It’s Not Over
As many of you may have heard, the Appeals Committee of the Accountability and Justice Commission (AJC) has deferred looking into the cases of the barred candidates until after the election. This decision has no legal standing, even though it is being celebrated by some DC analysts and, of course, the would-be beneficiaries of the decision. In the interest of not having you all scratching your heads as this decision gets overturned by the Higher Federal Court and the parliament (gathering for an emergency session on Sunday) in the next few days, let me explain the legality of what is happening:
-Article 49/3 of the Constitution says that the requirements for candidacy to the parliament shall be legislated by a law, and that law was the Elections Law of November 2005 (amended in late 2009). Article 6/2 of the old and amended Election Law states that a candidate for parliament cannot run if he or she is barred according to the legal frameworks of De-Ba’athification.
-The AJC law does not cover, in any of the language, the procedures for vetting candidates for parliament. Article 6 is tailored to address the Ba’athist and security backgrounds of state employees, and nowhere does it address candidates for public office.
-The Appeals Committee is part of the AJC law, and it can only adjudicate on the cases of state employees barred according to Article 6. It gives 30 days for the employee to file a case against dismissal procedures or the such, and must respond in 60 days. This is where the decision to postpone barring the candidates until after elections comes from, but it has no legal standing: the Appeals Committee cannot look into the cases of candidates for parliament since that is not in the wording of the law, even though it may be in the spirit of the law.
-The Constitution trumps all other legal considerations, and it is very clear that it was meant to deny Ba’athists a return to public life. Since the AJC law does not give barred candidates any legal recourse, their only option is Article 165/6 of the Constitution that calls for forming a parliamentary committee to oversee and regulate the decisions of the De-Ba’athification Commission (and hence the AJC that replaced it on paper). This committee de-facto exists, and it is the De-Ba’athification Committee of the parliament that is headed by the hard line Sadrist, Falah Shanshal. By law, this is the only avenue available for appeals or to redress the decisions of the AJC as relates to candidates for parliament. The decisions of the committee can only be formalized by a simple majority vote in parliament.

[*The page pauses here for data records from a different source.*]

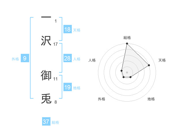 一沢 御兎さんを姓名の画数から五運を鑑定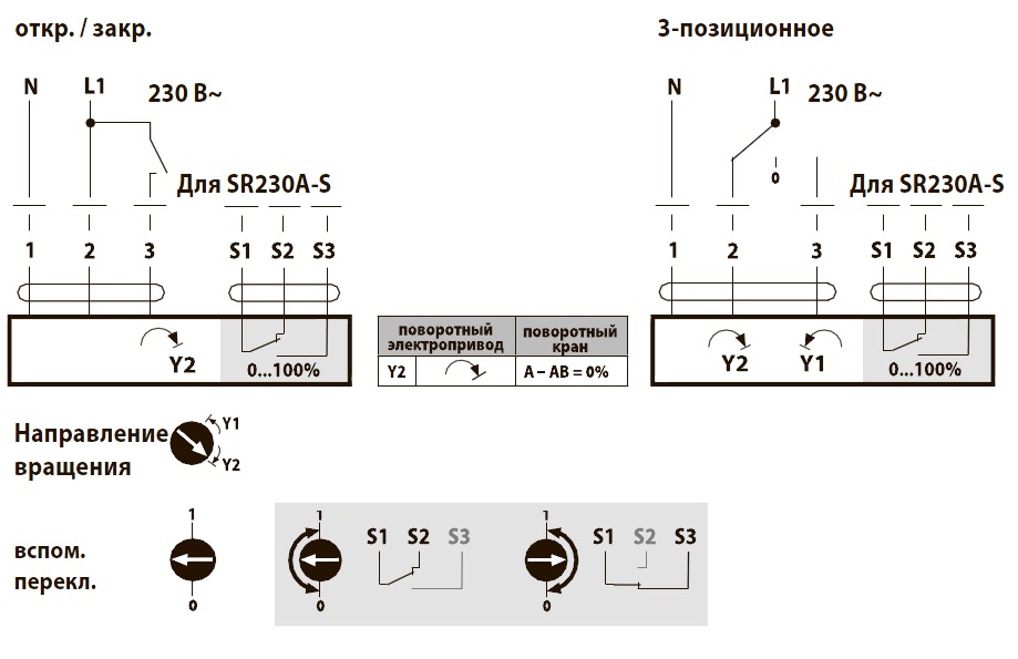 • Управление: откр./закр. , трехпозиционное управление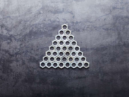 Triangle from screw nuts on metal texture background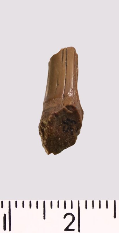 Зуб (фрагмент). Акула. Scapanorhynchus ex gr. gigas Woodward 1889. Классификация: Хордовые Chordata, Позвоночные Vertebrata, Хрящевые рыбы Chondrichthyes, Пластиножаберные Elasmobranchii
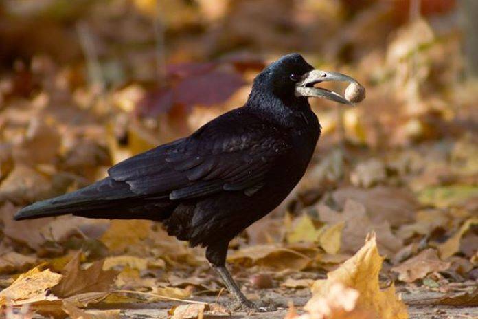 Вороны и грачи питаются различными предметами — от животных до растительности. Они могут быстро и умело определить, где есть пища в округе. Орехи — одна из их любимых пищевых продуктов.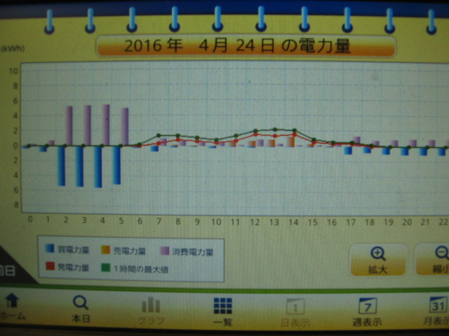 JUGEMテーマ:太陽光発電 皆様こんばんは、毎度ご訪問ありがとうございます。 熊本県で太陽光発電を設置し、毎日の発電量を記載しています。 電気管理技術者でもある51歳 papaと申します。 Profileもご覧下さいませ^^/ 4月24日の電力量24時間棒グラフです。 通常、太陽光発電は太陽の光により 発電を行います。 現在は、お家を基準として 日の出ごろの5時55分から 日の入りごろ18時40分の間で 発電が行われています。 橙色の部分が発電量となります。 24日は、朝から曇り空でしたが やが...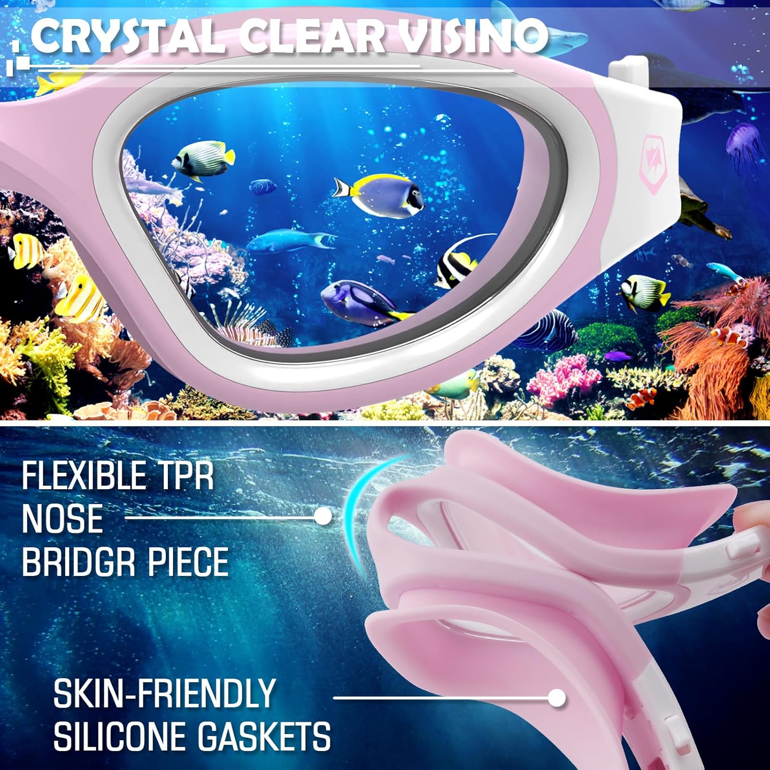 - 💖【Full Silicone Frame & Zero PVC】: hypoallergenic, soft and long-lasting, adopts to different face shapes with ultimate comfort; Self-adjusting TPR nose bridge piece ensures a comfortable fit and won't hurt your nose bridge; Anti slip dual straps reduce force to your head and increase the comfort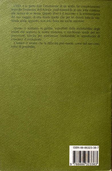 Questo libro è il racconto e la testimonianza del suo viaggio, di una strada aperta che per lei durerà tutta la vita, Strada acida, appunto, non solo fisica ma anche interiore. Spesso ci sentiamo in gabbia, sopraffatti dalla ineluttabilità degli eventi che segnano la nostra esistenza, e cerchiamo strade per sopravvivere, talvolta per trasformare l'ineluttabile in opportunità di crescita e di evoluzione.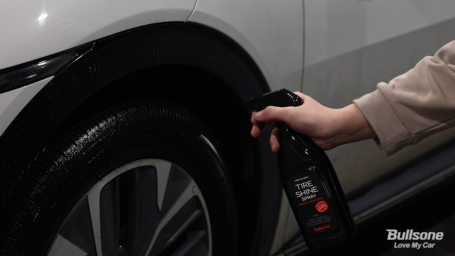 불스원의 다른 세차 용품들처럼 사용 방법도 아주 간단한데요, 세차가 끝난 타이어에 불스원의 하이글로시 타이어 코팅제를 분사해, 고르게 펴발라 시공해주세요.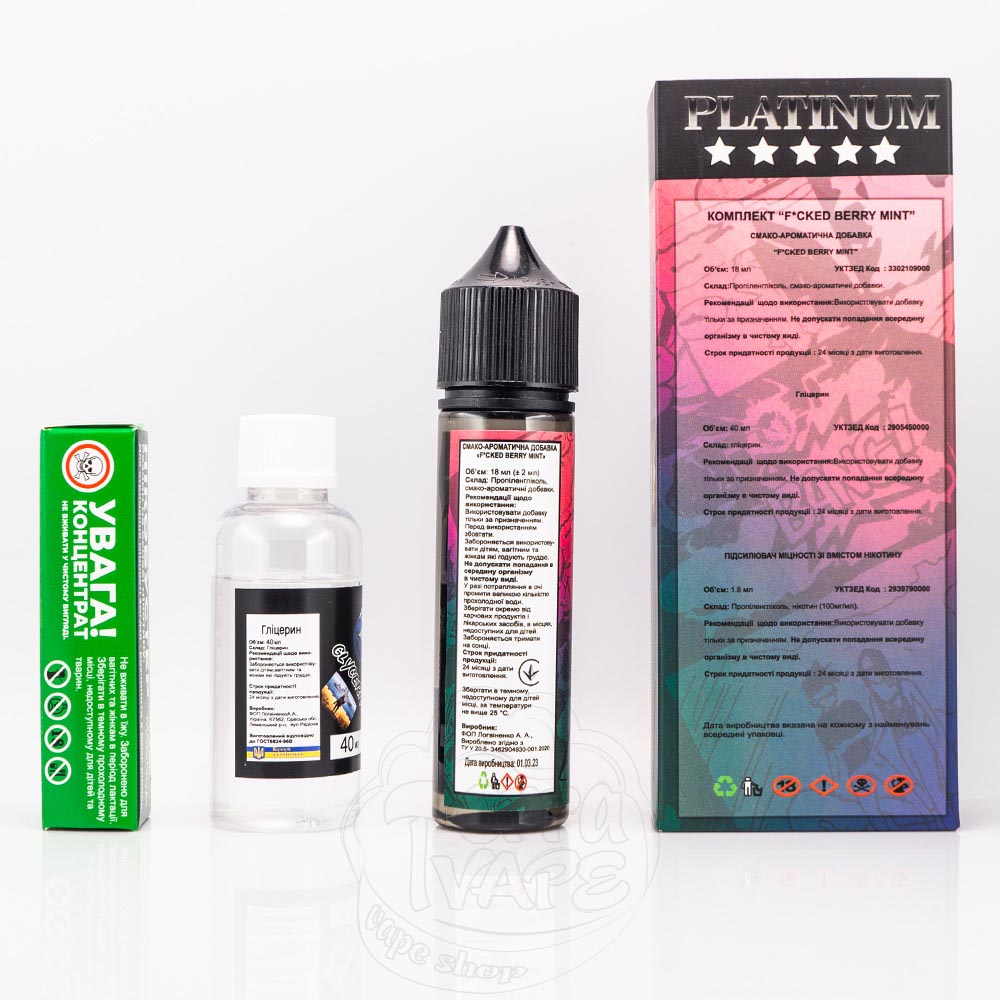 Fucked Platinum Organic - це набір для приготування органічної рідини для електронних сигарет українського виробництва. Випускається в об'ємі 60 мл, на етикетці якій фантастичні персонажі, що відображають суть смаку. Градація міцності:

-Saleh al-Mutlag is clearly in violation of Article 7/1 of the Constitution for glorifying, propagating and generally being an apologist for the Ba’ath Party (defined by the AJC law as the one that took power in 1968, but in the Constitution as the one that ruled during the “Saddamist” era beginning in 1979 to 2003). However, Article 7/1 stipulates that this ban should be legislated by a distinct law, and such a law was never written, discussed and/or passed by parliament. So technically, Mutlag has not violated a law, even though he has violated the spirit of the Constitution. Article 8 of the AJC law addresses those who propagate for the Ba’ath but punishes only those (state employees) who were beneficiaries of the AJC law, and this again does not include al-Mutlag. So, he’s in the clear. But the only body, by law, that can judge that he hasn’t violated any laws is the parliamentary committee that I mentioned above, not the Appeals Committee.
I’m in Baghdad, which is nice and empty since millions seem to have strolled down to Karbala for the 40th Day Commemoration of Ashura. No traffic jams, no undue waits at checkpoints. Will try to write more about what I’m hearing.